**PROBLEM DESCRIPTION**
The entries are to be output word for word, with the pictures omitted.

**EXERCISE INPUT**
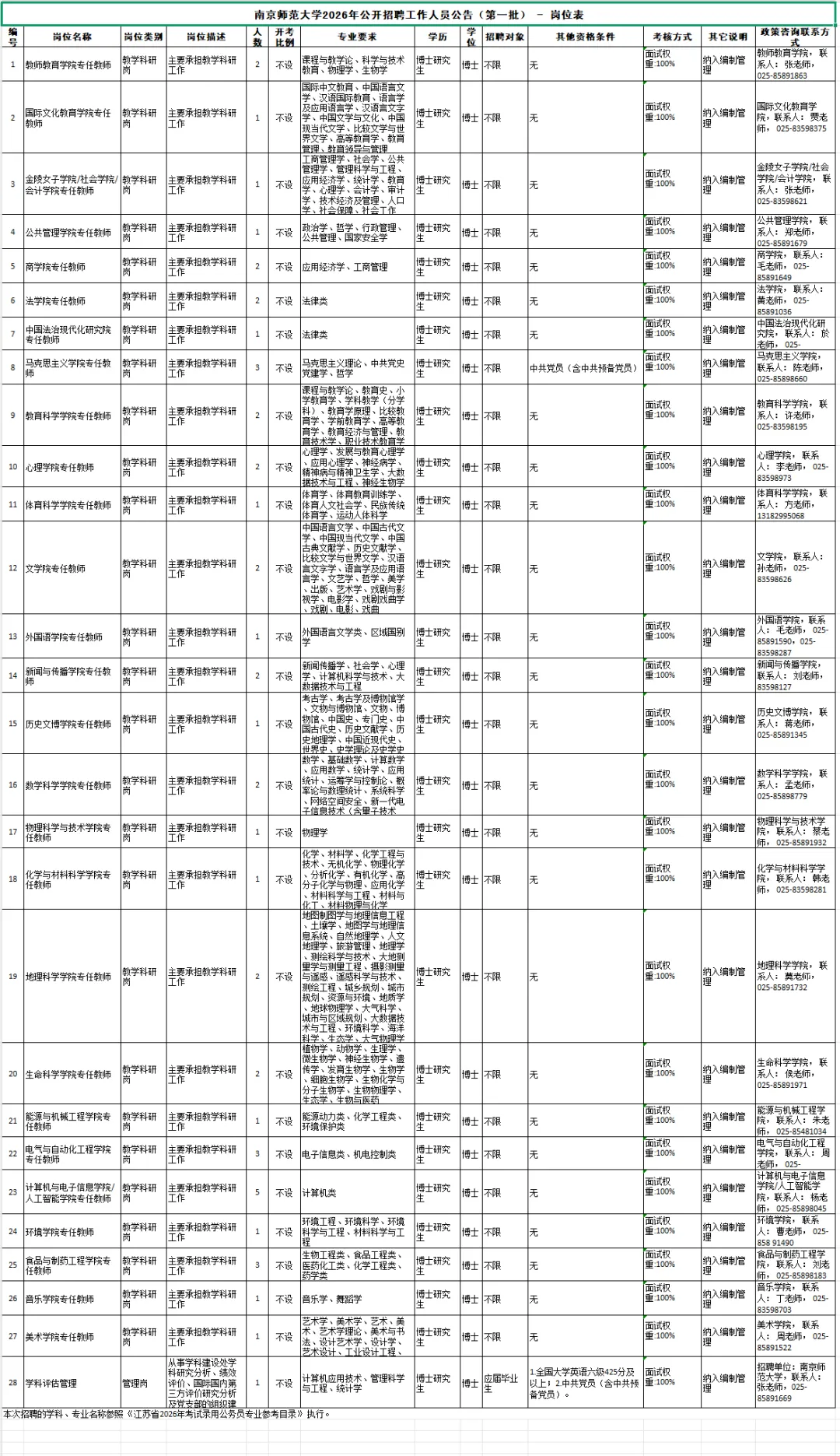 咨询电话:岗位1-27:025-85891809(招聘政策)、025-85891669(入职手续办理),联系人:薛老师、张老师;
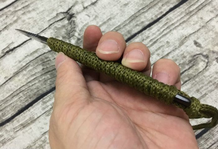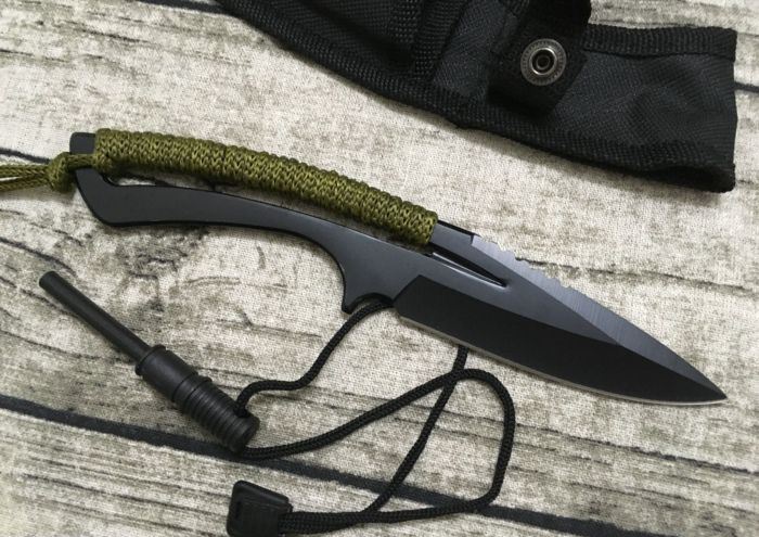 全 长:20.5cm 刃 长:9.5cm 柄 长:11cm 刃 宽:3.5cm(最宽处) 刃 厚:3.5mm 刃 材:8CR13 硬 度:58HRC 表 面:发黑 重 量:150克 备 注:带打火石
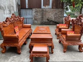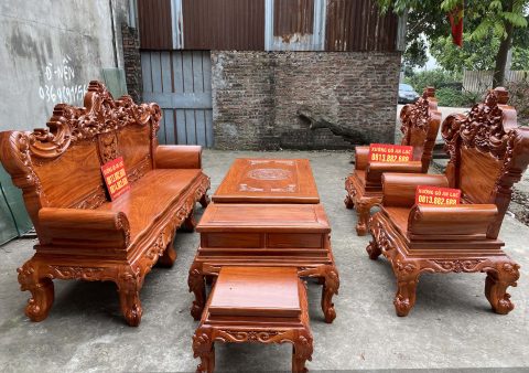 [Hoàn thiện] Hoàng Gia 6 món chân 12 gỗ hương đá vách trơn siêu vân
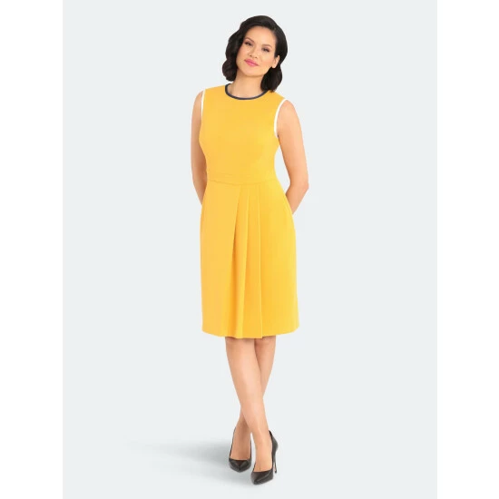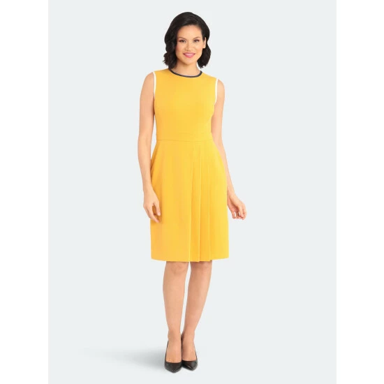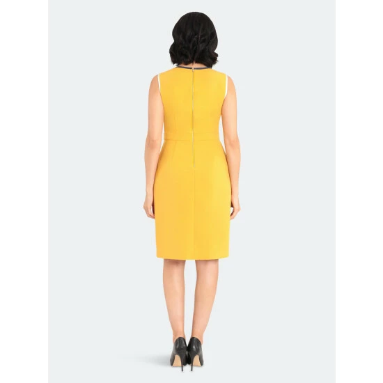 Introducing the Cassie dress. This golden design features side pleats and unique color-block binding. With the perfect amount of stretch, this classic sheath is perfect for your warm-weather occasions.
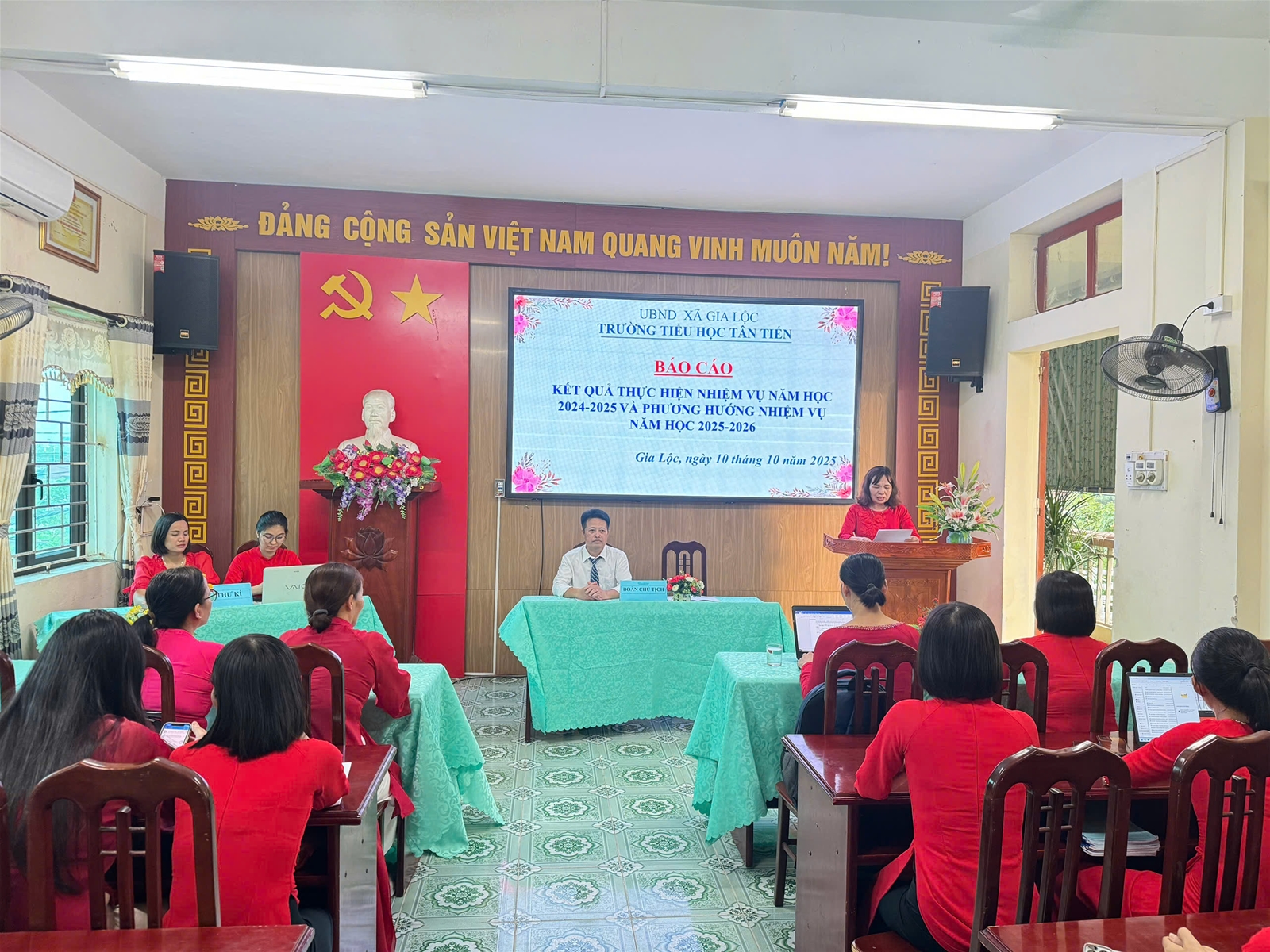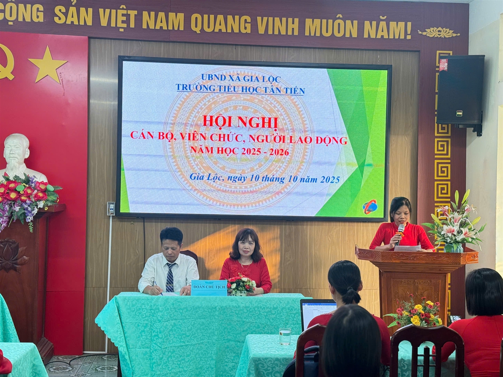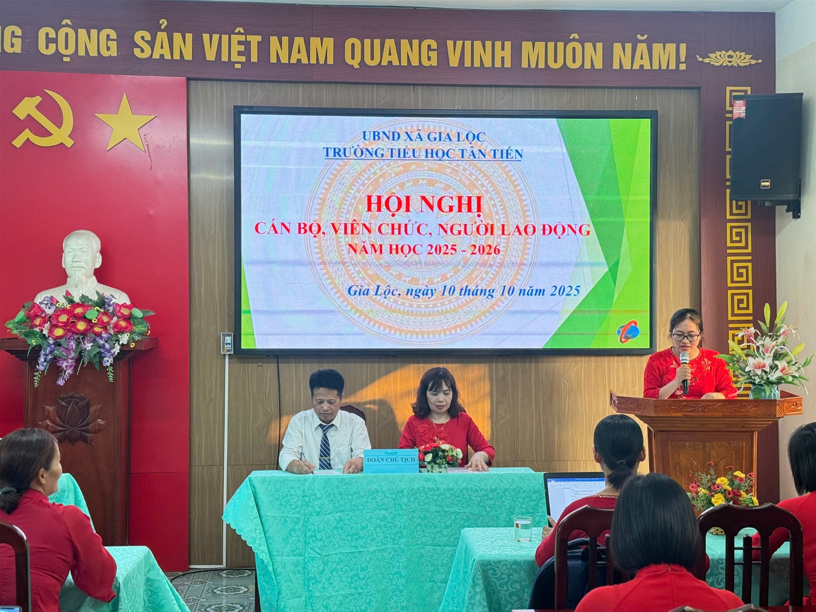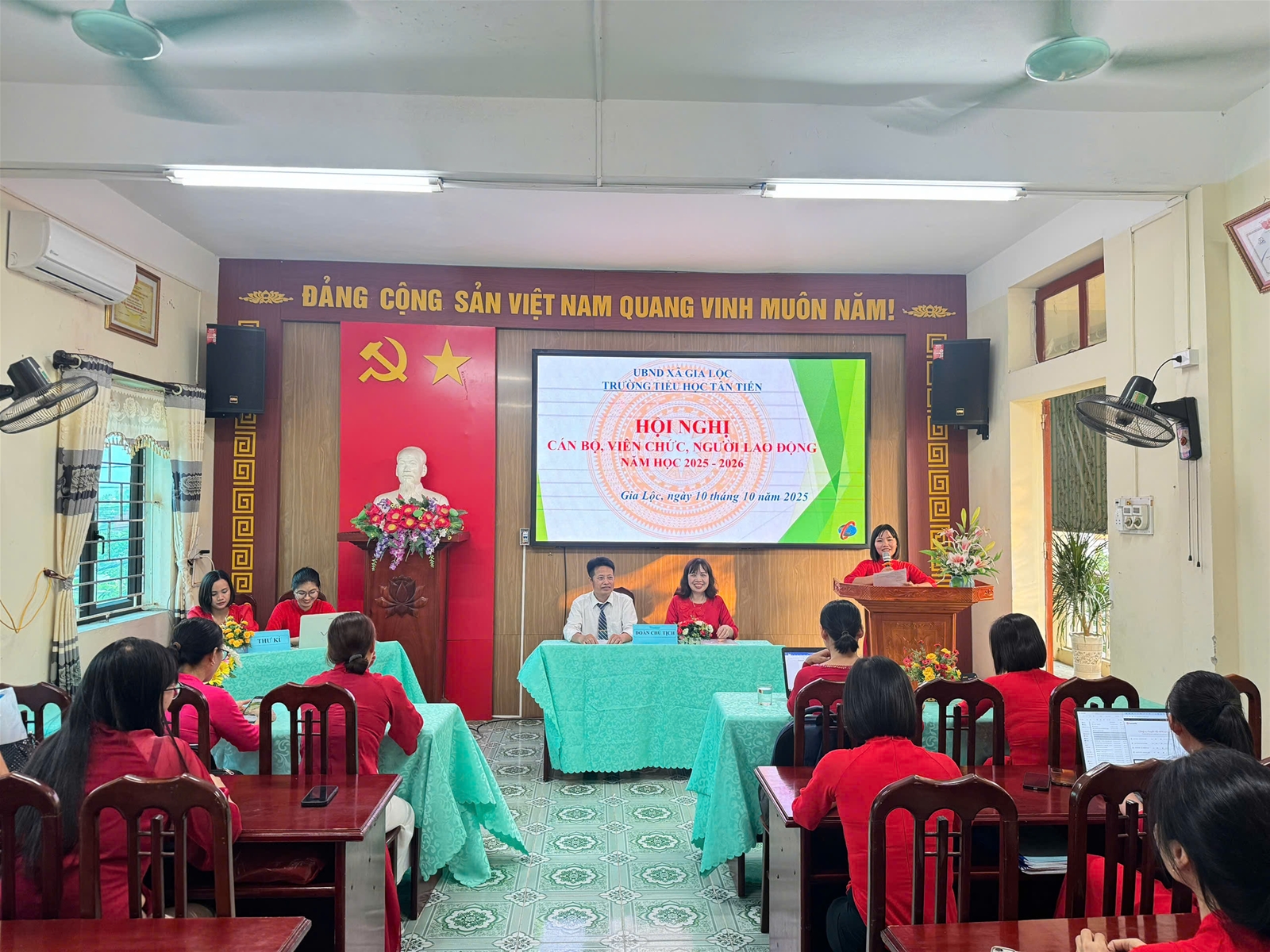 Thực hiện Hướng dẫn số 7074/HD-SGDĐT ngày 25 tháng 9 năm 2025 của Sở giáo dục và Đào tạo về việc tổ chức Hội nghị cán bộ, viên chức, người lao động năm học 2025-2026; được sự nhất trí của Chi ủy, chiều ngày 10/10/2025, Trường Tiểu học Tân Tiến đã long trọng tổ chức Hội nghị cán bộ, viên chức, người lao động năm học 2025-2026.

**RESPONSE FOR THIS EXERCISE**
 咨询电话:岗位1-27:025-85891809(招聘政策)、025-85891669(入职手续办理),联系人:薛老师、张老师;
 全 长:20.5cm 刃 长:9.5cm 柄 长:11cm 刃 宽:3.5cm(最宽处) 刃 厚:3.5mm 刃 材:8CR13 硬 度:58HRC 表 面:发黑 重 量:150克 备 注:带打火石
 [Hoàn thiện] Hoàng Gia 6 món chân 12 gỗ hương đá vách trơn siêu vân
 Introducing the Cassie dress. This golden design features side pleats and unique color-block binding. With the perfect amount of stretch, this classic sheath is perfect for your warm-weather occasions.
 Thực hiện Hướng dẫn số 7074/HD-SGDĐT ngày 25 tháng 9 năm 2025 của Sở giáo dục và Đào tạo về việc tổ chức Hội nghị cán bộ, viên chức, người lao động năm học 2025-2026; được sự nhất trí của Chi ủy, chiều ngày 10/10/2025, Trường Tiểu học Tân Tiến đã long trọng tổ chức Hội nghị cán bộ, viên chức, người lao động năm học 2025-2026.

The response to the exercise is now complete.